Available data =
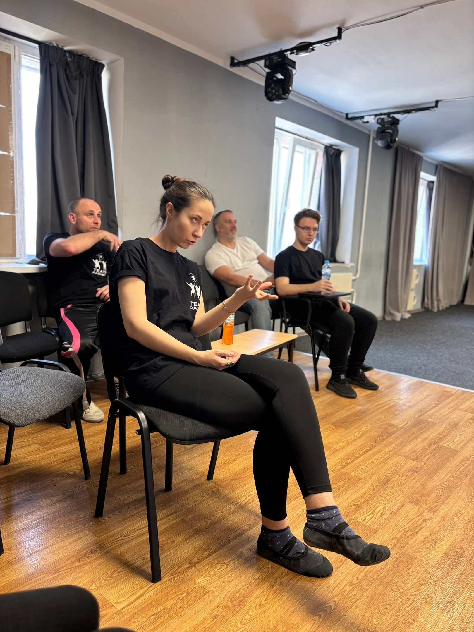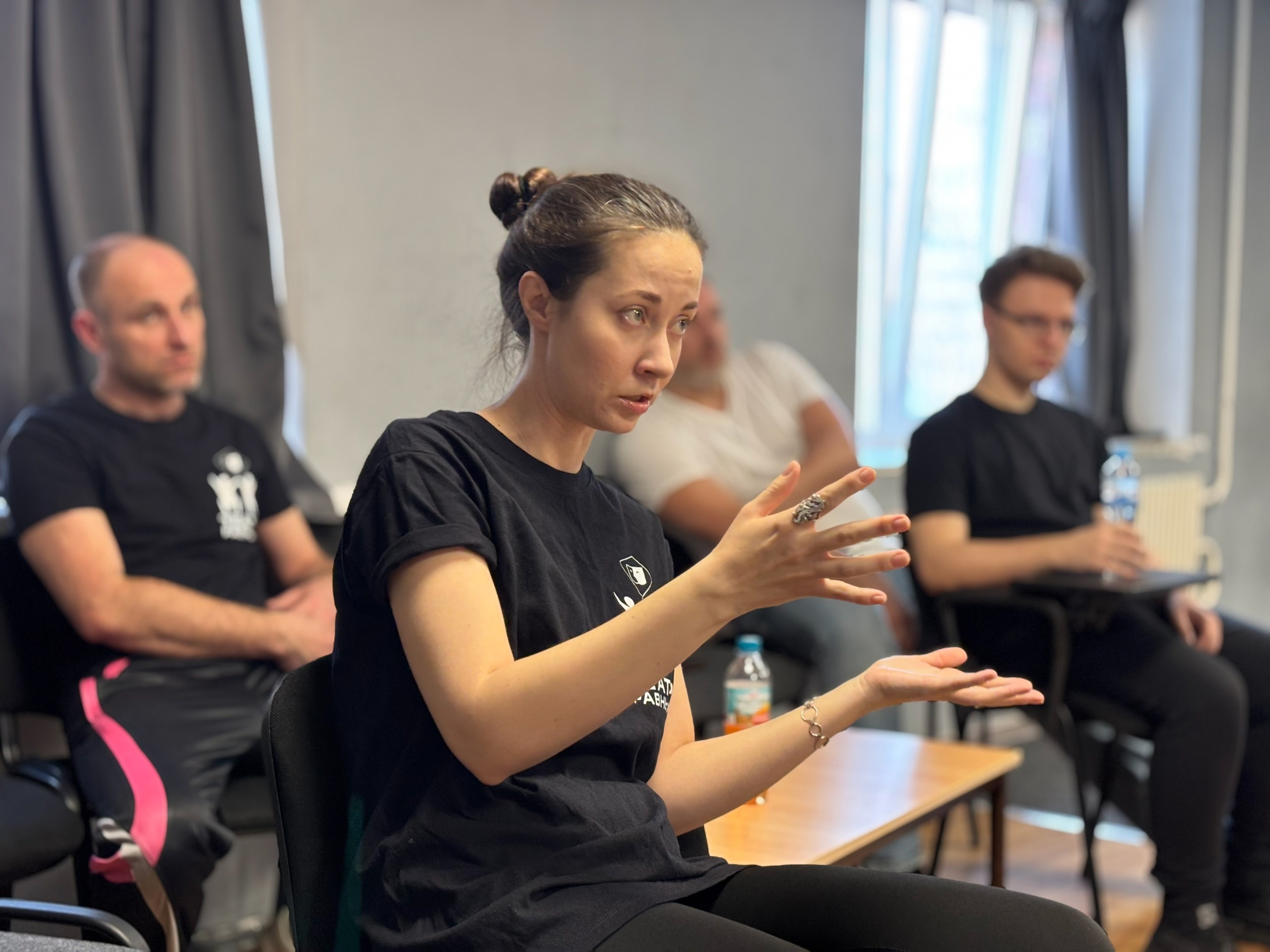 Нина Яновская (педагог по сценической речи ВГИИ) провела мастер-класс «Сценический диалог» - практика взаимодействия с партнером на площадке, сила и энергия слова.
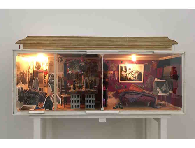 Wood box and mixed media, including electric lighting
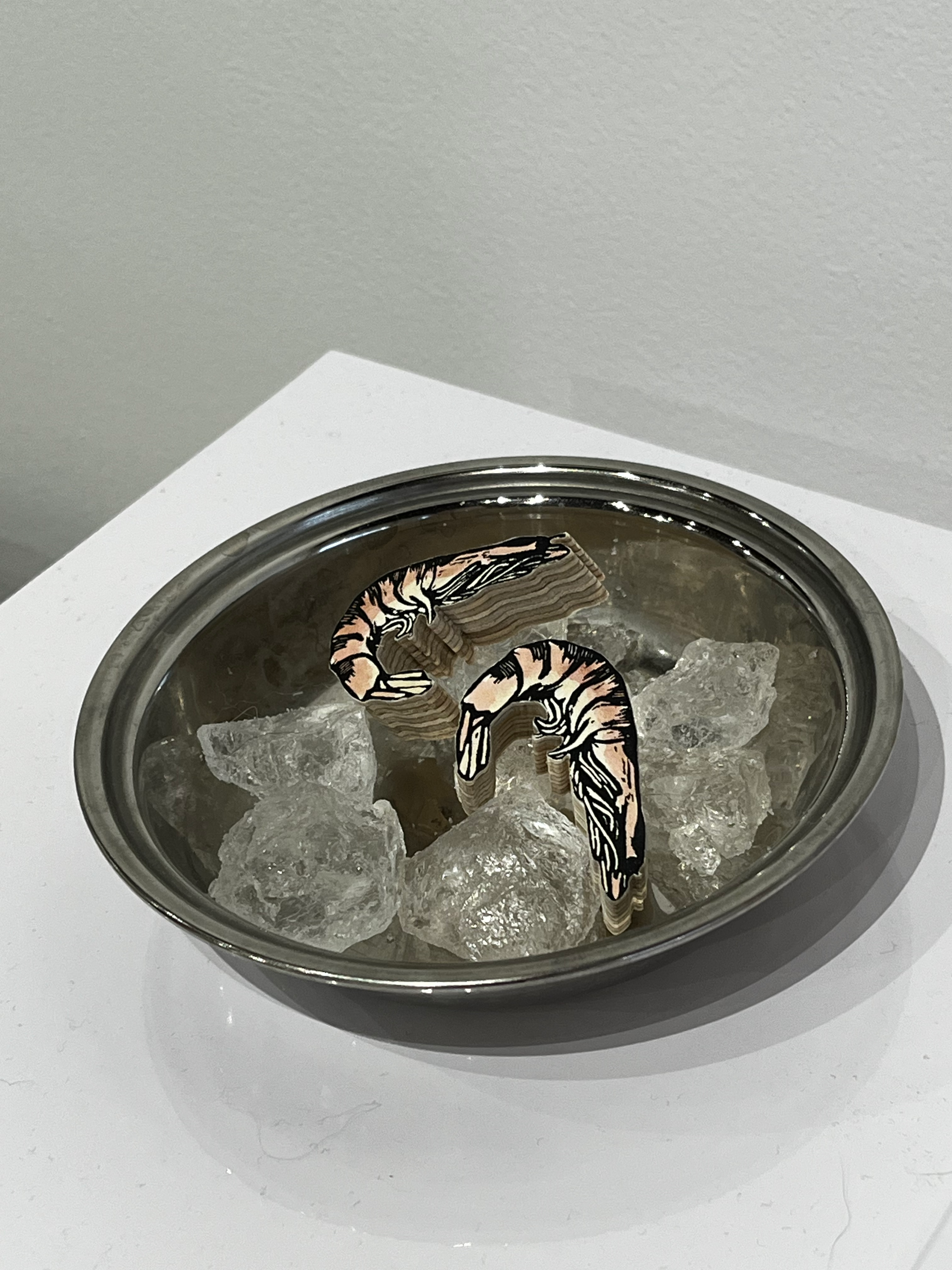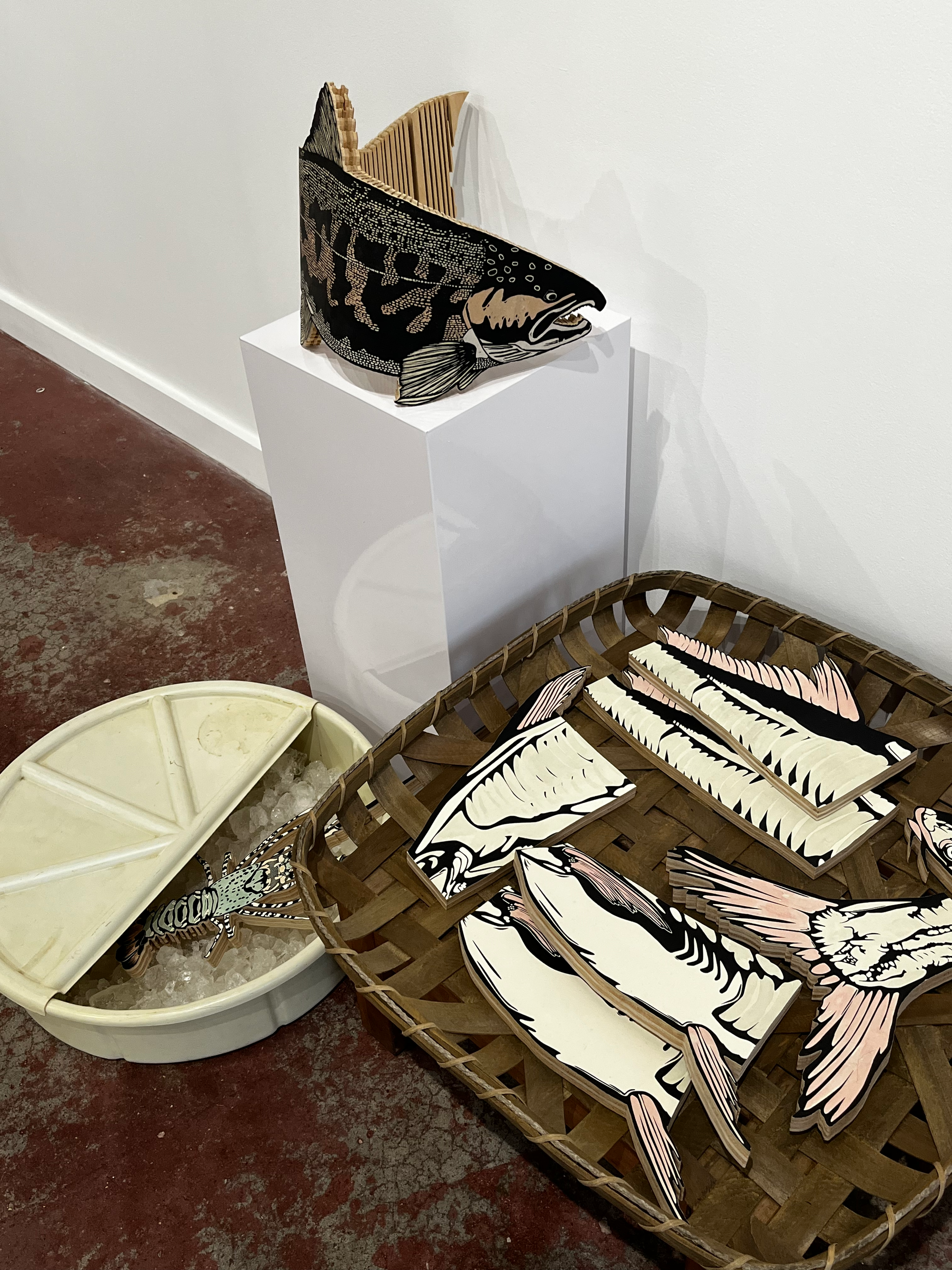 There’s humor here, too: several of the fish sculptures are literally displayed on ice. The promise of flavor in Miller’s work actually made me salivate. In addition to the names of all those fish, there are the titles of four potent little short stories: “Boiled Lobster,” “The Yellow Thing,” “Spring Roll Buffet,” “Sardine Toast.” Embedded in these tales are the awkward, generous, confusing human stories that link families through food, tracing belonging within the fractures of geography, language, and time.

What this task involves = Give back an exact repeat of the lines from the top of the data through the line that holds "Wood box and", both included, and omit pictures.

Response =
 Нина Яновская (педагог по сценической речи ВГИИ) провела мастер-класс «Сценический диалог» - практика взаимодействия с партнером на площадке, сила и энергия слова.
 Wood box and mixed media, including electric lighting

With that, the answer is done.